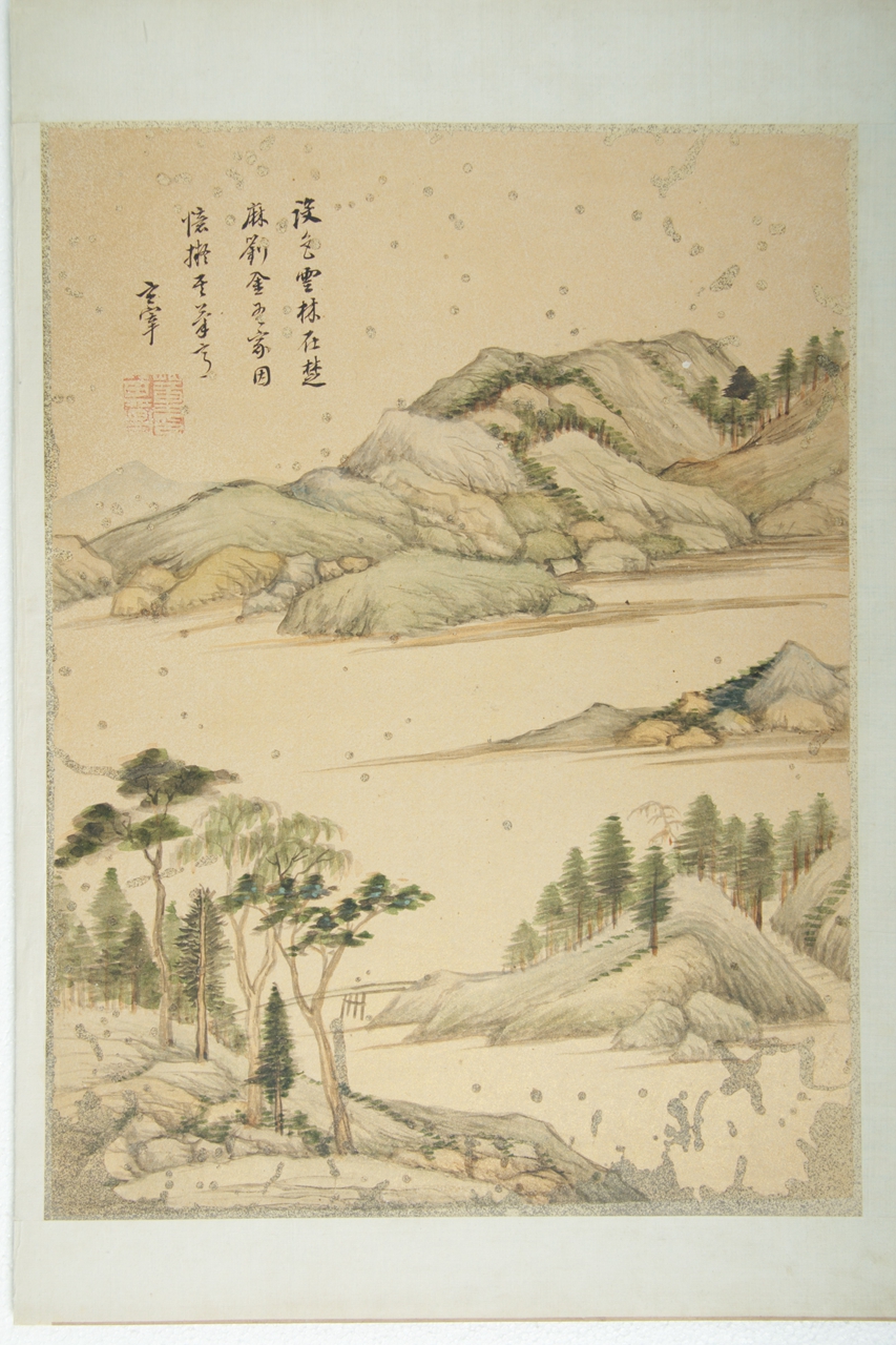 二、余所得沈司马公藏黄子久画二十幅,设色正自如此,又馆师韩宗伯家有良常馆图,后为飞凫易去常往来于怀,今日友人持子久画见示,因拈笔为此。玄宰。
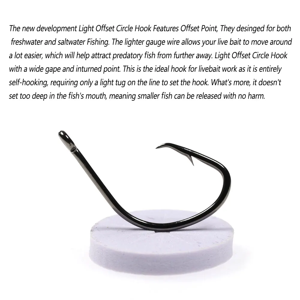 El nuevo desarrollo Light Offset Circle Hook presenta un punto de compensación, diseñado tanto para pesca de agua dulce como salada. El Alambre de calibre más ligero permite que su cebo vivo se mueva mucho más fácilmente, lo que ayudará a atraer peces depredadores de más lejos. Gancho circular compensado ligero con una abertura ancha y un punto invertido. Este es el gancho ideal para el trabajo livebait, ya que se engancha completamente a sí mismo y solo requiere un ligero tirón en la línea para colocar el gancho. Además, no se fija demasiado profundamente en la boca del pez, lo que significa que los peces más pequeños pueden ser liberados sin daños.
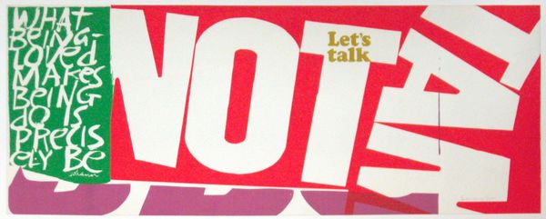 Curator: First impressions? The green is sort of aggressive, almost radioactive! What do you make of it? Editor: That vibrant green definitely grabs your attention. It's provocative, maybe a little unsettling—which I think is precisely what Barbara Kruger intended with her 2007 piece, "Face It (Green)". Curator: Yes! Kruger's work often feels like a slap in the face, doesn't it? I love how she uses this high-contrast, almost jarring aesthetic. Like a billboard, demanding attention, but then undercutting itself with the message. Editor: Exactly! Kruger's a master of appropriation, using familiar advertising techniques to critique consumer culture. Look at the layering of the bold text blocks "Face It" over the image of what appears to be an expensive garment and that little label stating "This luxurious garment won't make you rich or beautiful". It exposes the empty promises of capitalism, how it preys on our insecurities. Curator: It's like a Trojan horse, right? The attractive design sucks you in, but then BAM! She hits you with the truth. I'm thinking a lot about identity and performativity. How we perform our identities through these carefully constructed consumer choices. Like, I can wear a beret to scream artist but, is it *me*? Or is it a construct? Editor: Right! And she's cleverly addressing how capitalism specifically markets to anxieties around self-worth, especially in relation to beauty standards. Kruger highlights the ways in which capitalism perpetuates these false narratives for profit. That toxic message of lack... the green almost becomes nauseating. Curator: I get it. This piece speaks to the commodification of everything, including ourselves. What do you take away from it all? Editor: Kruger asks us to confront our complicity in systems that devalue us. A kind of fierce intervention challenging power dynamics in media, gender, class, and consumerism. "Face It" forces you to see, but then what? Are we awake yet? Curator: So true. I think it reminds me that as easy as it is to be seduced, being self-aware and seeing the truth actually can set us free. Kruger's so good at shaking us out of complacency and letting the sharp edges speak.

§ What is required
Copy exactly, and only, the lines from the first line of the material through the line that contains "El nuevo desarrollo", both ends kept; no pictures.

§ Response to this exercise
 二、余所得沈司马公藏黄子久画二十幅,设色正自如此,又馆师韩宗伯家有良常馆图,后为飞凫易去常往来于怀,今日友人持子久画见示,因拈笔为此。玄宰。
 El nuevo desarrollo Light Offset Circle Hook presenta un punto de compensación, diseñado tanto para pesca de agua dulce como salada. El Alambre de calibre más ligero permite que su cebo vivo se mueva mucho más fácilmente, lo que ayudará a atraer peces depredadores de más lejos. Gancho circular compensado ligero con una abertura ancha y un punto invertido. Este es el gancho ideal para el trabajo livebait, ya que se engancha completamente a sí mismo y solo requiere un ligero tirón en la línea para colocar el gancho. Además, no se fija demasiado profundamente en la boca del pez, lo que significa que los peces más pequeños pueden ser liberados sin daños.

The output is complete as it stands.